Tuesday, 11 September 2007

Prosperity, dir. Lenny Abrahamson, written by Mark O'Halloran (RTE Television, 2007)


The past two weeks have seen the first two episodes of RTE's new drama Prosperity, directed and written by the highly talented Abrahamson and O'Halloran and being aired on Monday nights at 21.30 BST on RTE Network 2. They have also been made available by RTE online, along with lots of other info on the series as well as the scripts. Those without access to Network 2 are strongly urged to watch it online. The quality of this drama is uncharacteristic of RTE and it surely represents a high-water mark for the season, and for future Irish-made drama. The series explores they way that the new-found prosperity experienced in Ireland has not brought everyone with it. Many of the scenes serve to reinforce this: the boys walk across their crumbling estate with the skyline crowded with cranes, testifying to the building boom that has not reached their own high-rise flats. Stacey hangs around a shopping centre full of people buying things she cannot afford.

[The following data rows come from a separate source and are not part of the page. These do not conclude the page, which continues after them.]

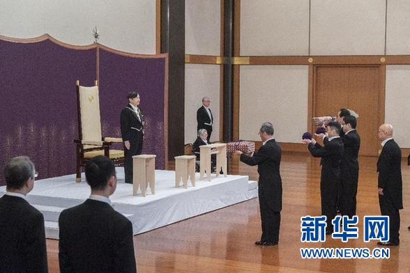 當(dāng)?shù)貢r(shí)間1日上午10時(shí)30分,天皇德仁在皇居“松之間”宮殿舉行即位后第一項(xiàng)儀式“劍璽等繼承之儀”,正式繼承象征皇位的三種神器以及國(guó)印和天皇御璽等。這一儀式持續(xù)大約5分鐘,僅有皇室成年男子和日本首相安倍晉三及內(nèi)閣成員等少數(shù)人參加。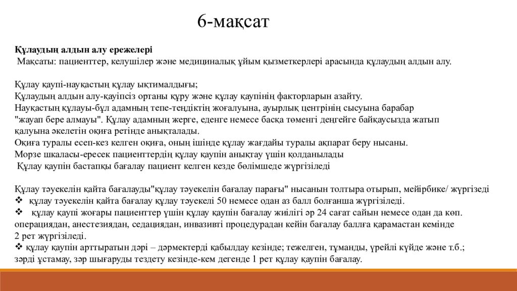 Құлаудың алдын алу ережелері Мақсаты: пациенттер, келушілер және медициналық ұйым қызметкерлері арасында құлаудың алдын алу. Құлау қаупі-науқастың құлау ықтималдығы; Құлаудың алдын алу-қауіпсіз ортаны құру және құлау қаупінің факторларын азайту. Науқастың құлауы-бұл адамның тепе-теңдіктің жоғалуына, ауырлық центрінің сысуына барабар "жауап бере алмауы". Құлау адамның жерге, еденге немесе басқа төменгі деңгейге байқаусызда жатып қалуына әкелетін оқиға ретінде анықталады. Оқиға туралы есеп-кез келген оқиға, оның ішінде құлау жағдайы туралы ақпарат беру нысаны. Морзе шкаласы-ересек пациенттердің құлау қаупін анықтау үшін қолданылады Құлау қаупін бастапқы бағалау пациент келген кезде бөлімшеде жүргізіледі Құлау тәуекелін қайта бағалауды"құлау тәуекелін бағалау парағы" нысанын толтыра отырып, мейірбике/ жүргізеді құлау тәуекелін қайта бағалау құлау тәуекелі 50 немесе одан аз балл болғанша жүргізіледі. құлау қаупі жоғары пациенттер үшін құлау қаупін бағалау жиілігі әр 24 сағат сайын немесе одан да көп. операциядан, анестезиядан, седациядан, инвазивті процедурадан кейін бағалау баллға қарамастан кемінде 2 рет жүргізіледі. құлау қаупін арттыратын дәрі – дәрмектерді қабылдау кезінде; тежелген, тұманды, үрейлі күйде және т.б.; зәрді ұстамау, зәр шығаруды тездету кезінде-кем дегенде 1 рет құлау қаупін бағалау. 6- мақса т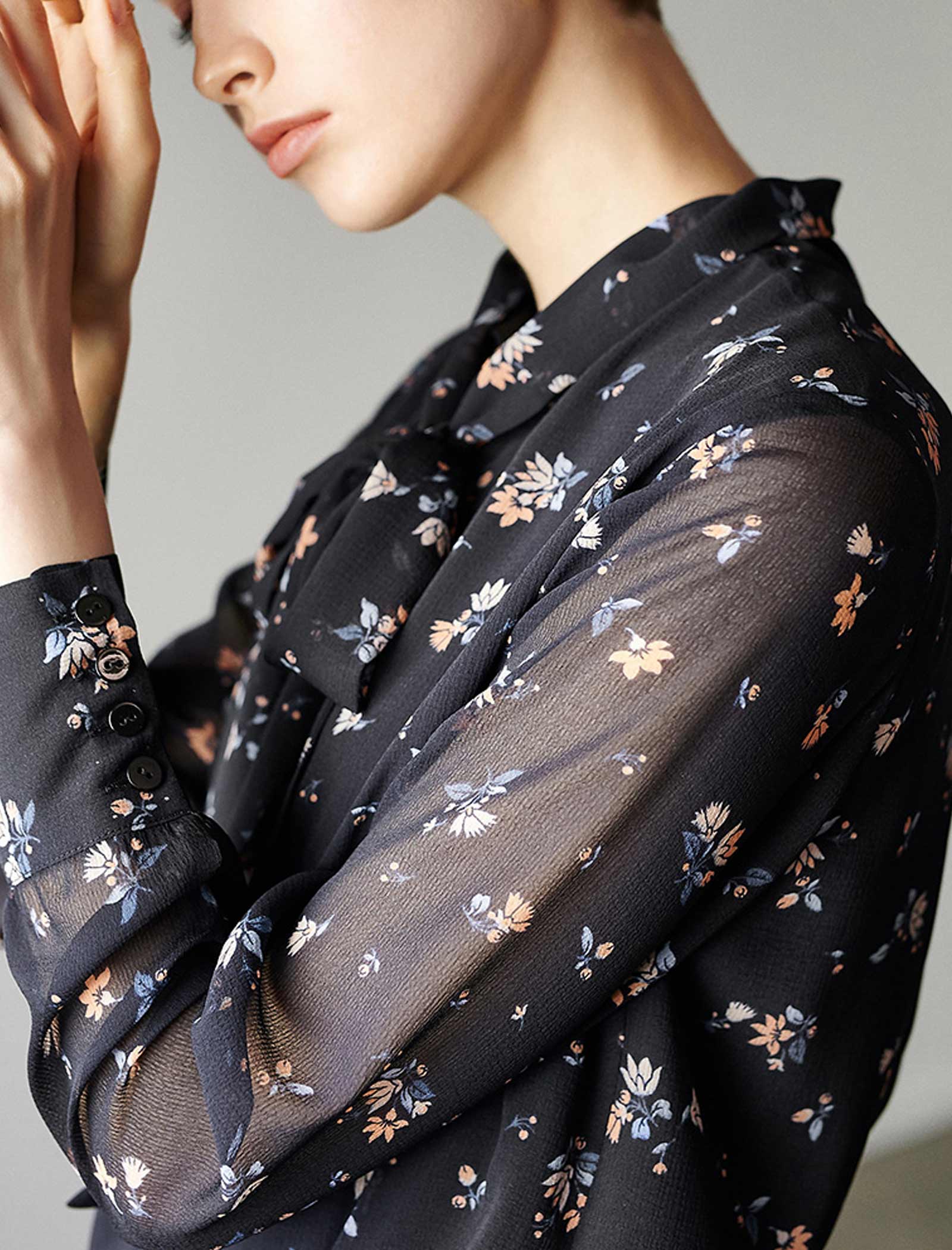 Black Floral Tie Neck Blouse

Each episode is someone's story: the first, Stacey's Story; the second, Gavin's. Stories are the heart of this drama, not plots. Stacey is beautifully rendered as a young mother passing each day with her baby wandering the streets and hanging around the Jervis St shopping centre, dealing with problems that might not even occur to some: finding a place to change the baby; finding a way to charge her mobile telephone after losing her charger; trying to be alone with her on-off boyfriend and father of the child.

Gavin is a young boy who wants a new toy and cannot afford it. He and his friend Conor play truant from school and spend the day trying to find a few euro to make up what he has saved and buy the toy. The boys meet a young mother and try to sell her the beer they have stolen. Instead they barter a can for three cigarettes and sit looking at the rabbit that Gavin has stolen from a neighbour's back yard. The story follows the boys as they make their way through the day, a day that culminates with a confrontation with the friend of one of Gavin's neighbours and an absolutely stunning and shocking final scene.

The stories run in parallel, and in each episode you will see a reprise from an earlier episode, so they weave in and out of each other, a bit like the dynamic of Krzysztof Kieślowski's Trois Couleurs. There are some stunning shots, like the beautiful portrait of Gavin looking at his father with a strong sunlight behind his face. Anyone familiar with Abrahamson and O'Halloran's Adam and Paul will recognize many echoes in this episode and there's much more to say about the way that O'Halloran has chosen to explore the themes of innocence and child-like language in both of these works.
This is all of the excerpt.